The best sprinters will tell you that this happens when they run their best. It's not something you should have to try to achieve, it's something that needs to just happen, and that you will be surprised at when looking back at what happened. If I've blacked out during a 100m, I know I have done well. All sprinters who perform to the best of their ability will tell you this.
And doing very heavy weights in a controlled movement like powerlifting movements is a very good way to get into this zone, to get this zen, to learn how to channel yourself and shift gears into the blackout.
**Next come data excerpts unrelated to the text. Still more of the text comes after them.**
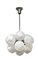 Lampadario con dodici globi sfaccettati in vetro soffiato opalino bianco.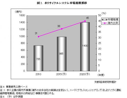 公共下水(一部、雨水を含む)のほか、各種産業排水を処理して再利用することを目的とする装置・システムである。国内プラントなどのEPC注を手掛けるエンジニアリング会社と、部材や装置などの製品売りを主体とするメーカーにおける国内外事業(海外の合弁会社の実績は含まない)、ハード(プラントエンジニアリング)およびソフト(O&M注1、処理水の供給など)事業を対象に市場規模を算出した。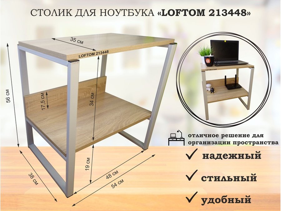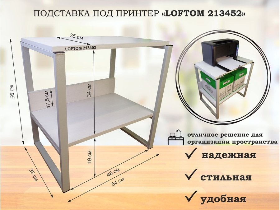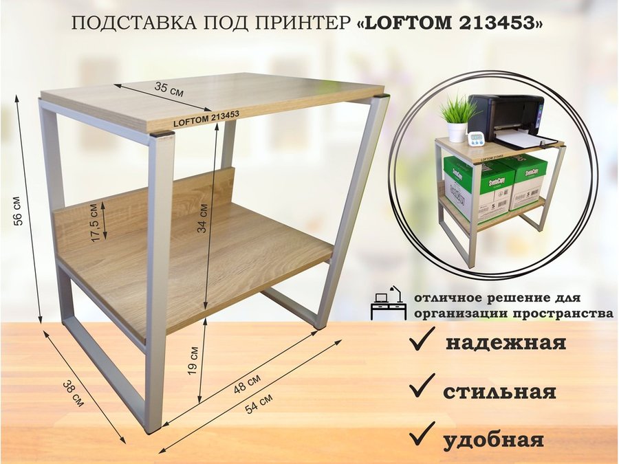Подставка под принтер, столик для МФУ, полка для документов, 56см серый "LOFTOM 213452" 35х54, сосна
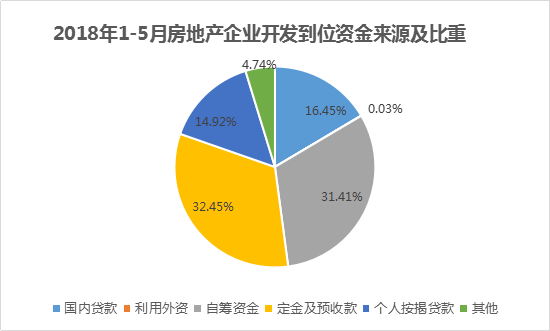 統(tǒng)計數(shù)據(jù)顯示,2018年1-5月,房企到位資金再次回升,達到62003億元,同比增長5.1%,創(chuàng)下今年以來的新高,單月增速則達到17.4%。需要關注的是,所有到位資金中定金及預收款超越國內(nèi)貸款的比重,在占比最大,達到32.45%。同時,增長速度亦是最快的,達到12.7%。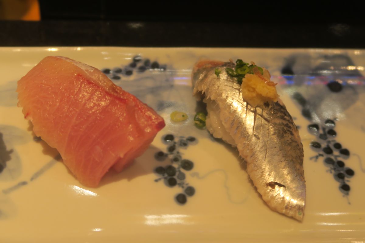 握り 赤西貝、ガス海老、鰤トロ、鰯、鉄火巻き
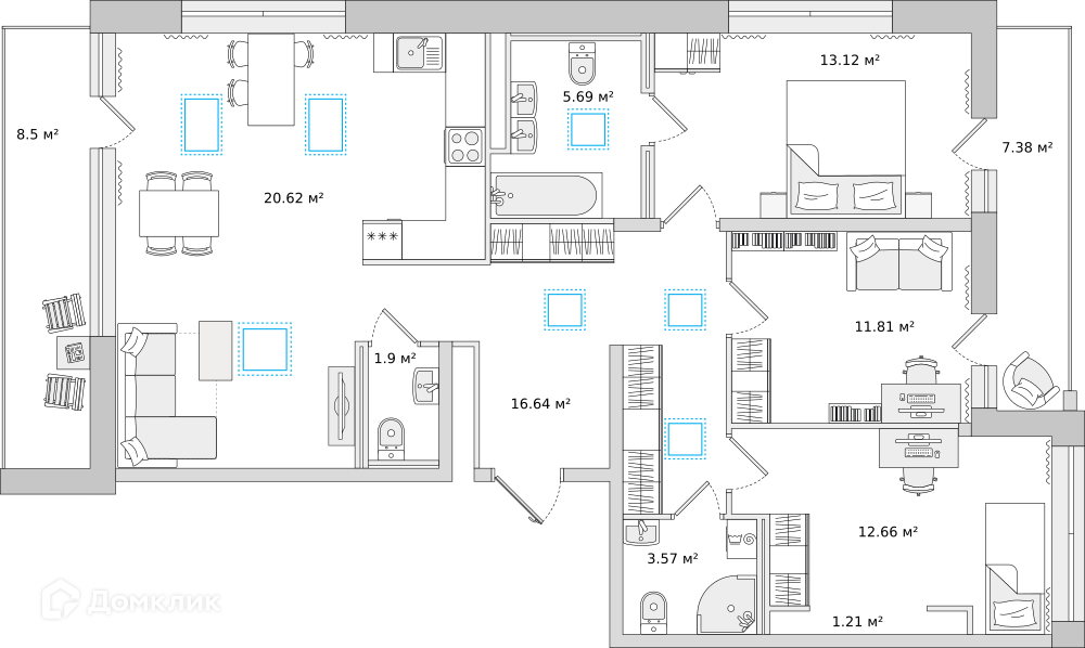 Площади квартир

I pulled 3 x 405 once. It was like you described in terms of the intensity. It's like my mind shut off, but electricity was running through me. Like 5 seconds of pure rage. I couldn't see normally during or for a minute after. There is the feeling of having no control of it. It's hard to trust it. I don't think many people have been there. I've been there that one time lifting and a few times on the bike. Never while running. I think you have to reach a very high level of fitness to possibly go there.
^^yes^^
I improved my 100 by almost 2.5 seconds through training
hip thrusts are more important to gain speed according to folks on testosterone nation.
Any component you use in training, is simply a tool. Whether you're using the tool correctly, is another issue.
Yes, squatting in various ranges of motion and loads can improve speed and power performance. It is not the end-all be-all, but it is a useful tool. Just have an understanding of when and why you're doing something.